EXERCISE GOAL.
In the records below, the relevant part opens with the line containing "Normalistas de Michoacán" and closes with the line containing "2. 宁阳古街:西大路、南横"; print that part exactly and only, without its pictures.

STUDY MATERIAL.
== Segment start ==
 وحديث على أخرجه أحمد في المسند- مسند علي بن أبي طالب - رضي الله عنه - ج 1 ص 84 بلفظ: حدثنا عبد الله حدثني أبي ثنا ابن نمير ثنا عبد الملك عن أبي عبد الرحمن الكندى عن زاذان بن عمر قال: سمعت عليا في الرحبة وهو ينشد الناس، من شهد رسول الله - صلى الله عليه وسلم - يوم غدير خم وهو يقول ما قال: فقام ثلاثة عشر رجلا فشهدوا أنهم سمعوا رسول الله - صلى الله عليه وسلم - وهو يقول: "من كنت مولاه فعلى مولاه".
== Segment end ==
== Segment start ==
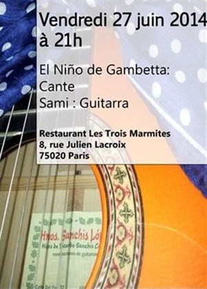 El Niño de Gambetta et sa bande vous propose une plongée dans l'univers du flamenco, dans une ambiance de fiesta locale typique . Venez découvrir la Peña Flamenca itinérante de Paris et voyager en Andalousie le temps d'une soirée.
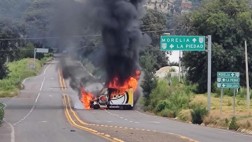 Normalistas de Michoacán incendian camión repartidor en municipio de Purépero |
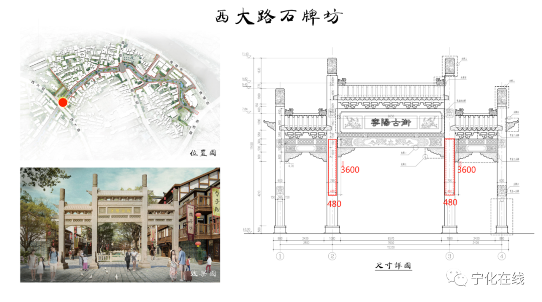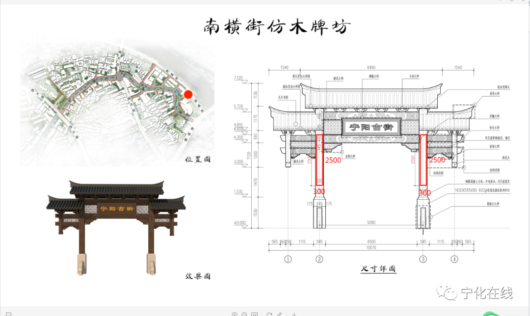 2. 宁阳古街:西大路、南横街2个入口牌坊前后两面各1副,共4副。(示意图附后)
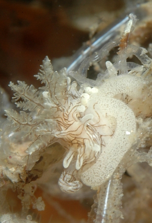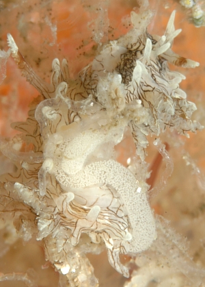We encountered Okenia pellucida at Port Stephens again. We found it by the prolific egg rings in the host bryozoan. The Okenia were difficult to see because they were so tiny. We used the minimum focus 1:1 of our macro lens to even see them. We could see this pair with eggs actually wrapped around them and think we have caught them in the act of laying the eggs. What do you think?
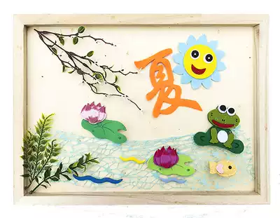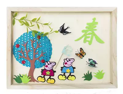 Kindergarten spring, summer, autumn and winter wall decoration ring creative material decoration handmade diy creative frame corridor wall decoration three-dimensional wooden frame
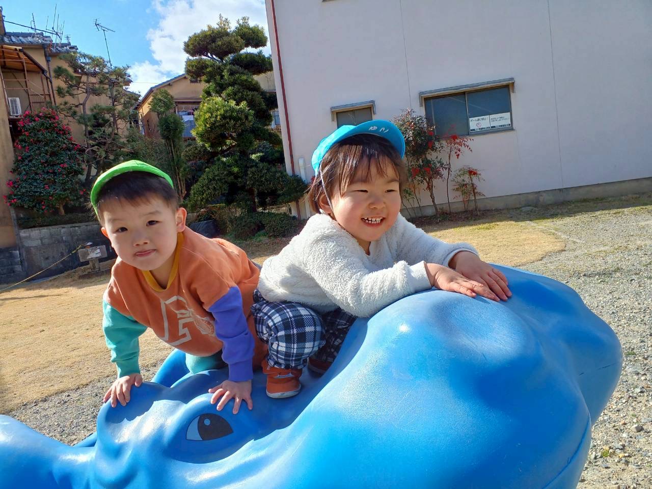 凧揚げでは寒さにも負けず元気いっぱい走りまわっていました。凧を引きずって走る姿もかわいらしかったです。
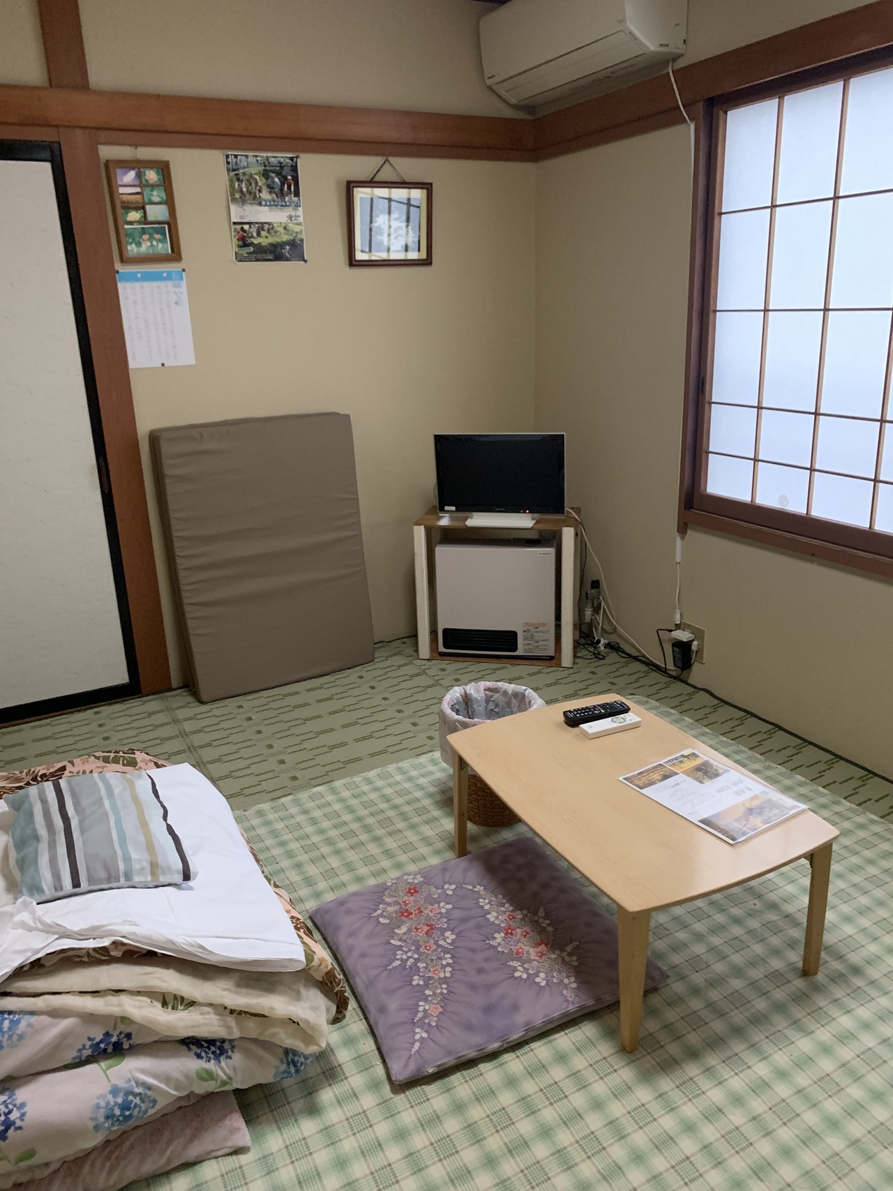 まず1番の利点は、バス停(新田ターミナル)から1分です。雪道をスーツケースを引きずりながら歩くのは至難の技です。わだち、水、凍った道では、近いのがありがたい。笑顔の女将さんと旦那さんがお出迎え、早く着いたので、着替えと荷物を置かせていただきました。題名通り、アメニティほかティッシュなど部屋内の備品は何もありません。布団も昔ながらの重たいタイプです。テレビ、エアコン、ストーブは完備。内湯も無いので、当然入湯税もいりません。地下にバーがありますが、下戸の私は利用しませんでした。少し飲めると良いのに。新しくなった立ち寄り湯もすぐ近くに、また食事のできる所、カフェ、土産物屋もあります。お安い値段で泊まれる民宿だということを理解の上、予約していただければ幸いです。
== Segment end ==
TASK RESPONSE.
 Normalistas de Michoacán incendian camión repartidor en municipio de Purépero |
 2. 宁阳古街:西大路、南横街2个入口牌坊前后两面各1副,共4副。(示意图附后)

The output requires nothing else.